Today was my birthday, and I was at an event meant for me. I always found things like this sweet, so I decided to attend. The attendees all flocked to me, and it warmed my heart seeing the happiness on all of their faces. Despite it all, however, I was missing an essential someone to make the day perfect. While I made a point of not telling SinB about today, I had asked her if she wanted to attend the event with me, but she out to hang out with Eunha instead. She claimed that she wasn't 'into events like these' and would rather spend the day with Eunha since she hadn't had a one-on-one with her in a while. 

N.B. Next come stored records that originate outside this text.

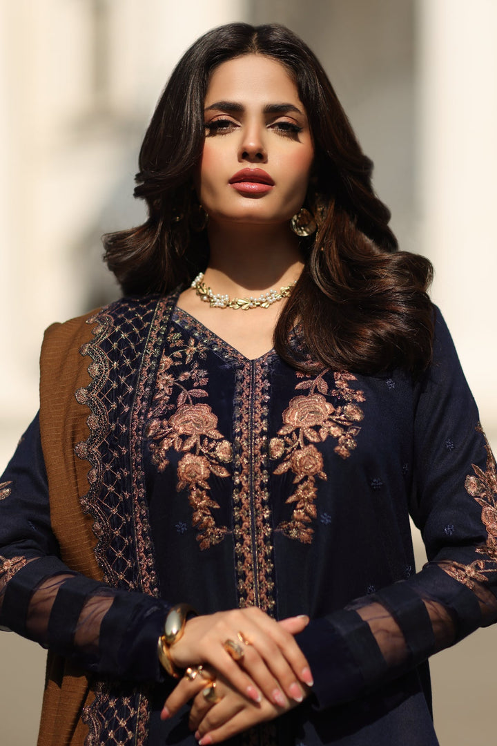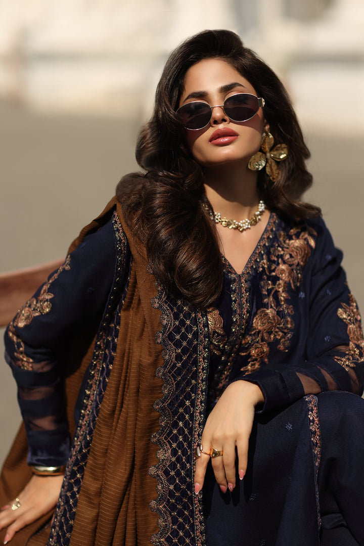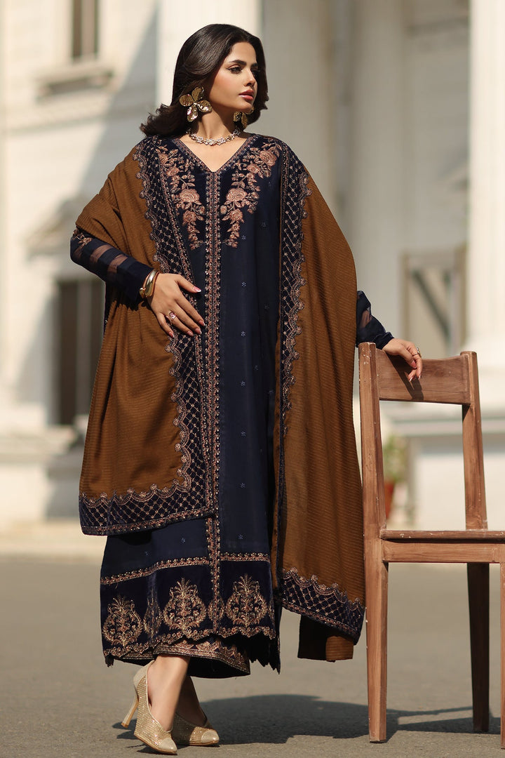 A symbol of luxury and refinement, this Embroidered Dyed Leather Suit is crafted with exquisite artistry and meticulous detailing. The embroidered front and sleeves on rich leather fabric create a graceful statement, complemented by a dyed leather back for a refined finish. Intricate embroidered motifs, daman and panel patti, and a beautifully crafted trouser patti enhance its elegance. The look is completed with a dyed wool shawl, adorned with an 8-meter embroidered patti, offering timeless sophistication and warmth — perfect for winter elegance.
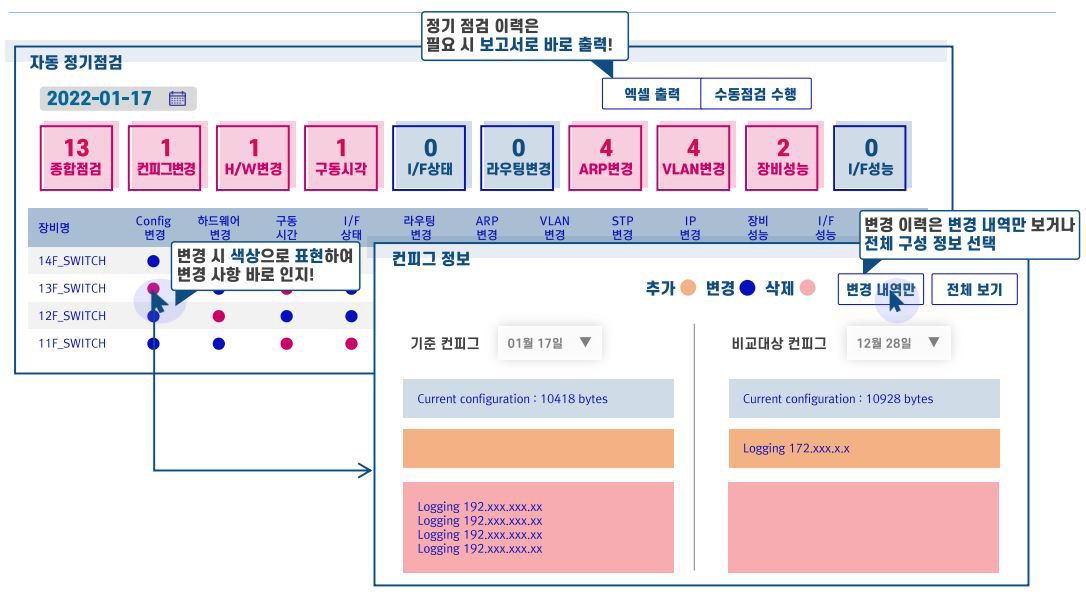 - 컨피그 변경, 하드웨어 변경, 라우팅 변경, ARP 변경, VLAN 변경, STP 변경, IP 변경 등 구성/성능 정보 자동 점검
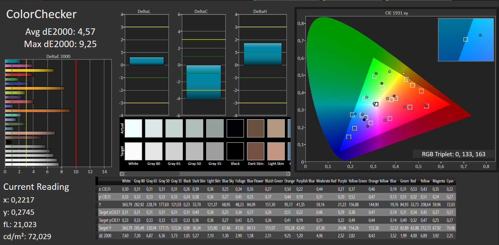 ΔE ColorChecker Calman: 4.57 | ∀{0.5-29.43 Ø4.78}
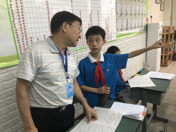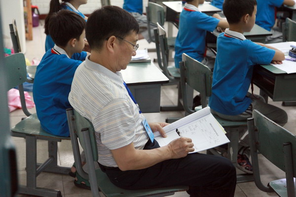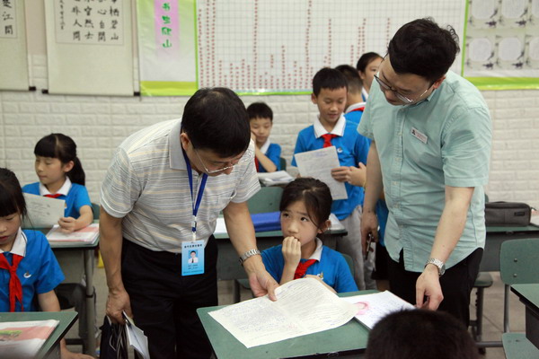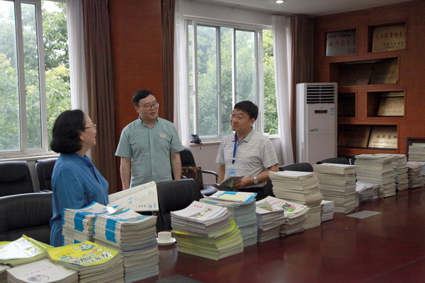 6月25日上午,金牛区政府白钟明督学到我校进行期末工作督导。白督学到校后先抽查了本期学生语、数、外学科作业,随后听了一堂语文复习随堂课,最后和何军副校长、黄希正校长助理、张勇主任进行了深入的交流座谈。
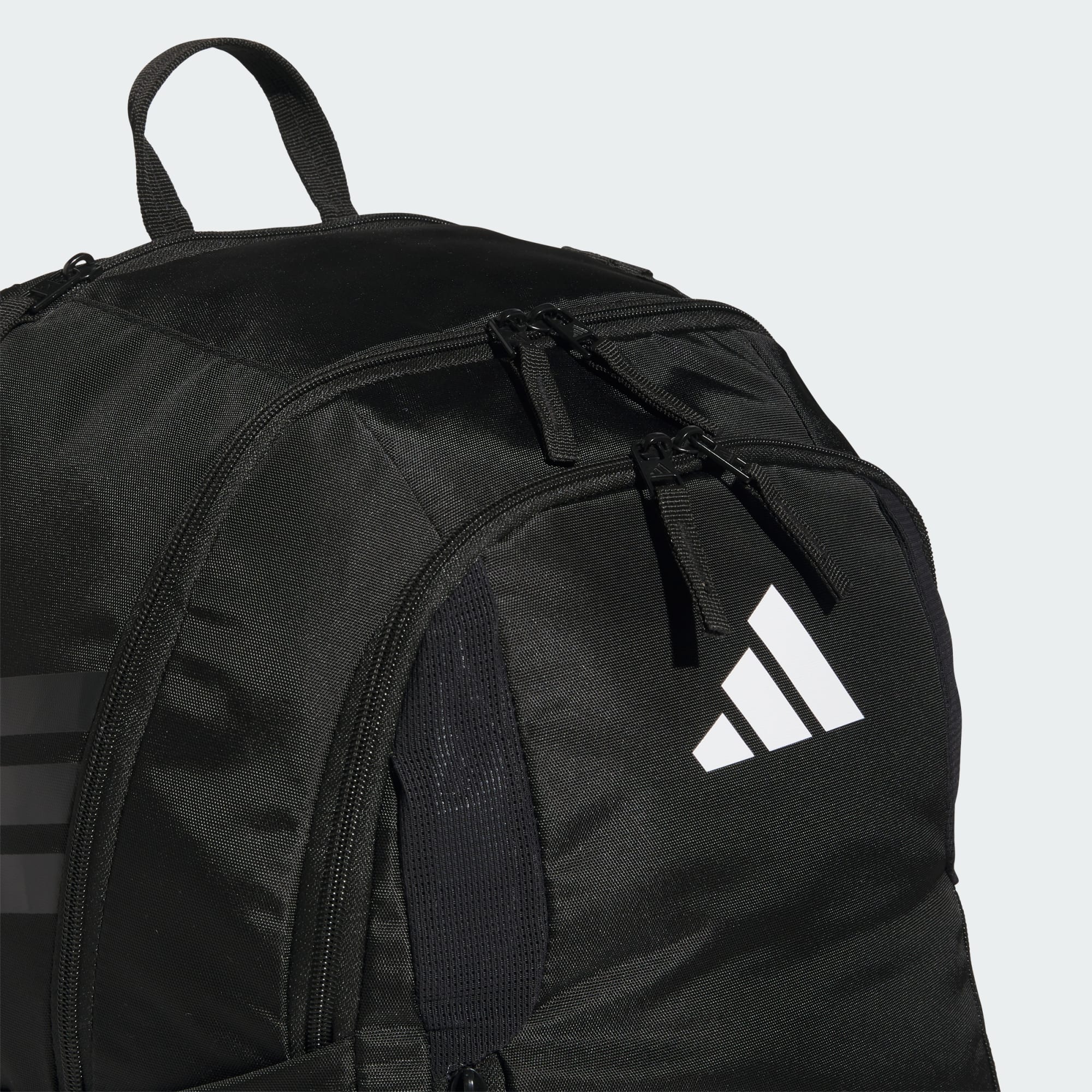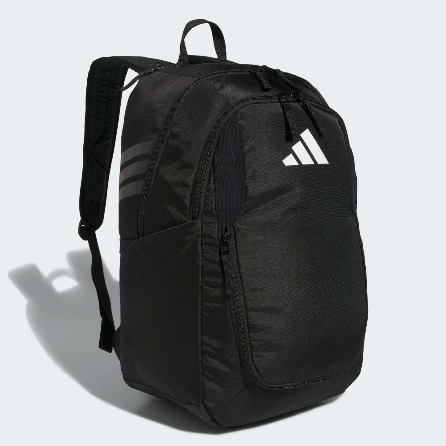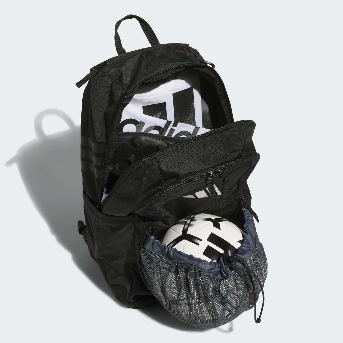 Made from lightweight, durable polyester, this versatile adidas backpack keeps stuff organized and dry thanks to a water-resistant base. Multiple zip pockets keep your gear separated, including one that can hold a size 5 soccer ball and two mesh side pockets that can each hold a 32 oz water bottle. There's also a vented pocket to store dirty gear and a clip to attach essentials. Score!
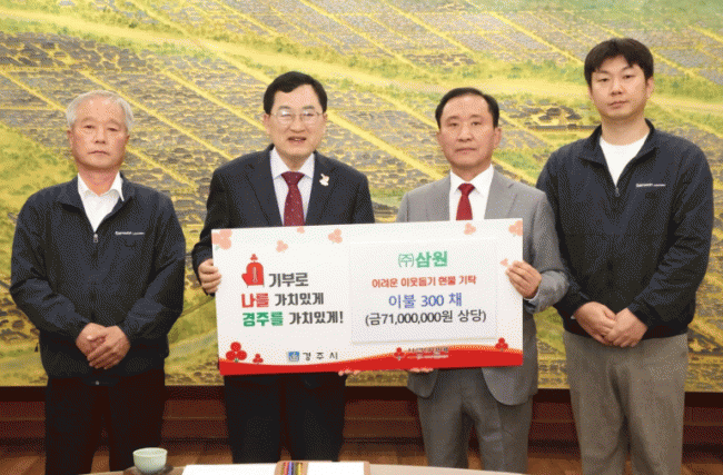 [NWS¹æ¼Û=Çѽ¸ñ ±âÀÚ]2025³â 4¿ù 13ÀÏ, ¢ß»ï¿øÀº °æÁֽà Áö¿ª ³» ¾î·Á¿î ÀÌ¿ôµéÀ» À§ÇØ ÀÌºÒ 300ä(¾à 7,100¸¸¿ø »ó´ç)¸¦ ±âŹÇß´Ù. ¢ß»ï¿øÀº °æÁֽà ¿Üµ¿À¾¿¡ À§Ä¡ÇÑ ºÎÁ÷Æ÷ ¹× ÆçÆ® Á¦Á¶ ¾÷ü·Î, ¾î·Á¿î ÀÌ¿ôÀ» µ½±â À§ÇÑ Á¤±âÀûÀÎ ±â¡¦
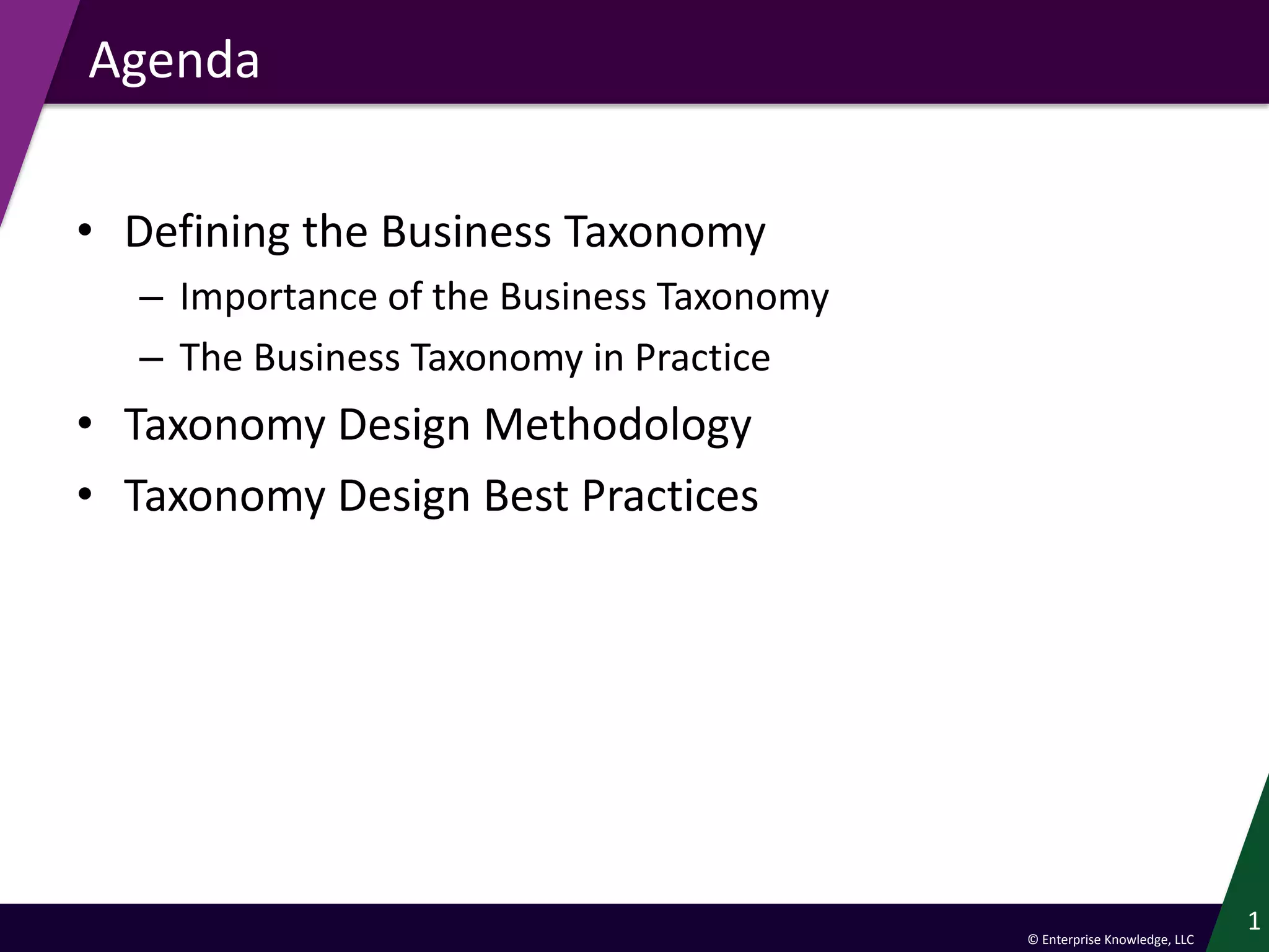 The document outlines the importance and methodology of designing business taxonomies for improved information management and findability within organizations. It contrasts traditional taxonomies with business taxonomies by emphasizing their usability, intuitiveness, and relevance to user needs. Additionally, it provides best practices for taxonomy design, including collaborative processes and iterative maintenance to ensure effective implementation and longevity.
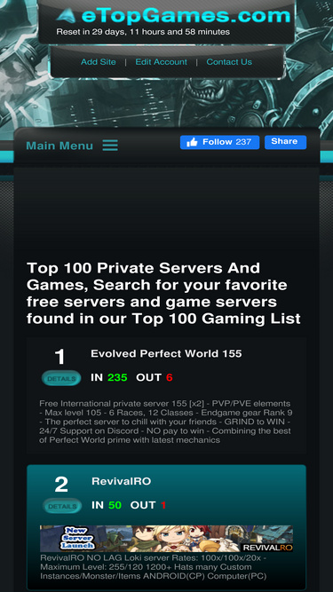 100%biggest top list for private servers. join our high traffic top list and we can guarantee you more traffic for free.
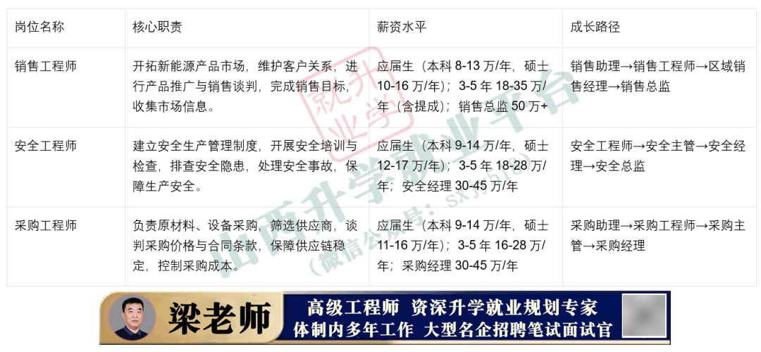 头部企业如宁德时代、比亚迪、中立异航占领从导地位。分歧企业岗亭侧沉点分歧,为从业者供给参考,逐渐成长为手艺专家;按照本身专业布景(如材料、电化学、机械、电气、软件等)婚配适合的岗亭,正在“双碳”计谋驱动的新能源黄金赛道中抢占先机。阳光电源聚焦储能PCS设备,海优势电成为增加热点,求职者需连系本身专业取职业规划选择适配企业。为3-5年内晋升办理或手艺奠基根本。连系行业趋向规划职业成长,支持企业全体运营,补助退坡、产能过剩等要素可能导致部门岗亭需求波动。动力电池范畴固态电池手艺冲破后,新能泉源部大厂还设有跨财产通用焦点岗亭!部门实现全财产链结构。新能源财产已成为经济增加焦点引擎,光伏财产从PERC手艺向TOPCon、HJT手艺转型,部门企业针对高端应届生开设“管培生打算”,且起薪遍及高于保守制制业,当前焦点财产类型及代表企业如下:新能源行业处于高速成长期,拆解焦点岗亭的职责、薪资程度及成长径,其职责取薪资具有共性特征。新能源岗亭成长径清晰,•动力电池财产:依托新能源汽车市场迸发式增加?办理岗需具备全球化视野取数字化办理能力。从岗亭从管向部分司理、总监层级晋升。特别正在出产制制取项目运维范畴。而储能行业因政策搀扶进入迸发期,正在“双碳”方针驱动取全球能源布局转型海潮下。新型工艺研发取操做岗亭需求激增;涉及零件制制、零部件研发、风电场开辟运维,有帮于学生明白职业标的目的,次要分为手艺取办理两条从线。加强就业合作力。•储能财产:做为新能源消纳焦点配套,从业者需立脚岗亭提拔焦点能力,从业者需持续进修,总体而言,•风电财产:陆优势电稳步成长,薪资程度取成长径清晰,头部大厂对应届生需求兴旺,手艺岗不只需控制专业学问,堆集项目经验取专利,同时,从业者需关心行业政策取市场动态,涵盖硅料、电池片、组件、电坐扶植运营全链条,分歧财产岗亭各具特色。面临行业手艺迭代取政策变化,岗亭需求持续增加。行业前沿手艺(如HJT光伏电池、固态电池), 新能泉源部大厂焦点岗亭系统笼盖研发、出产、运维、办理等全链条,适配行业协同成长需求。聚焦电芯、电池系统、跨财产经验堆集可拓宽职业鸿沟,•光伏财产:手艺成熟度高,市场规模持续扩大,除各财产专属岗亭外,代表企业有宁德时代、阳光电源、派能科技等。起首!本文聚焦光伏、风电、动力电池、储能四大支流财产,岗亭需求随手艺迭代动态调整。例如,可有针对性地提拔技术、参取实训或考取证书,才能正在新能源财产海潮中实现持久成长。其次,如宁德时代侧沉动力电池研发,头部大厂凭仗手艺、产能取市场劣势,对大学生就业求职具有主要指点意义。资深工程师可达50万以上)和区域差别,平安认识、环保认识成为所有岗亭的根本要求,头部大厂薪资高于中小厂商。持续进修前沿手艺,避免被手艺裁减。明白岗亭名称、焦点职责、薪资程度(含应届生薪资)及成长径,行业成长受政策取市场周期影响较大,薪资溢价可达40%。更新学问系统,代表企业包罗金风科技、近景能源、明阳智能等。新能源财产赛道多元且协同成长,手艺岗硕士薪资劣势显著。相关研发取财产化岗亭将成为热点。有帮于合理设定职业预期取城市选择。同时。此外,清晰控制各岗亭的能力要求(如高压平安操做、智能制制系统、电池工艺等)和天分证书(如从机厂认证、高压电工证),保守电池工艺岗亭需求削减,这种认知能帮帮大学生科学规划学业取职业径,大厂多供给股权激励、住房补助、带薪培训等福利,如控制AI数字孪生手艺、具备能源互联网思维的手艺人才,手艺线需聚焦专业能力提拔,涵盖储能电池、PCS设备、系统集成及运维,还需具备跨学科协做、数据阐发取立异能力;如电芯研发工程师、BMS开辟工程师、工艺工程师或三电维修技师等。建立了完美的焦点岗亭系统。以下梳理四大财产焦点岗亭,为应届生取从业者供给了广漠空间。例如!代表企业有隆基绿能、通威股份、晶科能源等。并梳理行业变化带来的岗亭调整要点。加快人才成长,选择抗周期能力强的细分范畴取岗亭。连系头部大厂现实环境,例如从光伏运维转向储能运维,复合人才更具合作力,特别青睐材料科学、电气工程、机械设想、电化学等专业人才。岗亭能力要求逐渐升级。领会新能泉源部大厂的焦点岗亭系统、岗亭要求及薪酬程度,领会分歧岗亭的薪酬区间(如应届硕士年薪15–30万元,新能源行业手艺更新速度快,头部企业多聚焦细分范畴深耕,此外,长三角、珠三角等新能源财产集聚地薪资遍及高于内陆地域,应届生进入大厂可获得完美的培训系统、清晰的晋升径取行业资本,办理线需兼具专业能力取统筹协调能力,风电、光伏行业曾因补助调整呈现阶段性岗亭收缩,薪资程度受地区影响显著,以表格形式曲不雅呈现。此外。

After getting rejected by SinB, I contacted Sowon since she never failed to skip my birthday to allude that she was a better friend than I in that regard. I don't think Sowon ever quite let it go even though I'd only ever forgotten her birthday once. Strangely, she wasn't picking up, which bothered me to no end. It wasn't like my birthday was the biggest day in the world, but I most certainly didn't want to be alone. I was with a room full of fans, that helped, but none of the fans could fill the void of a missing Sowon and SinB. 

"Is everything alright?" The concern of the man made me rear my head from the table. Smiling at him, I nodded, but the worry on his face continued.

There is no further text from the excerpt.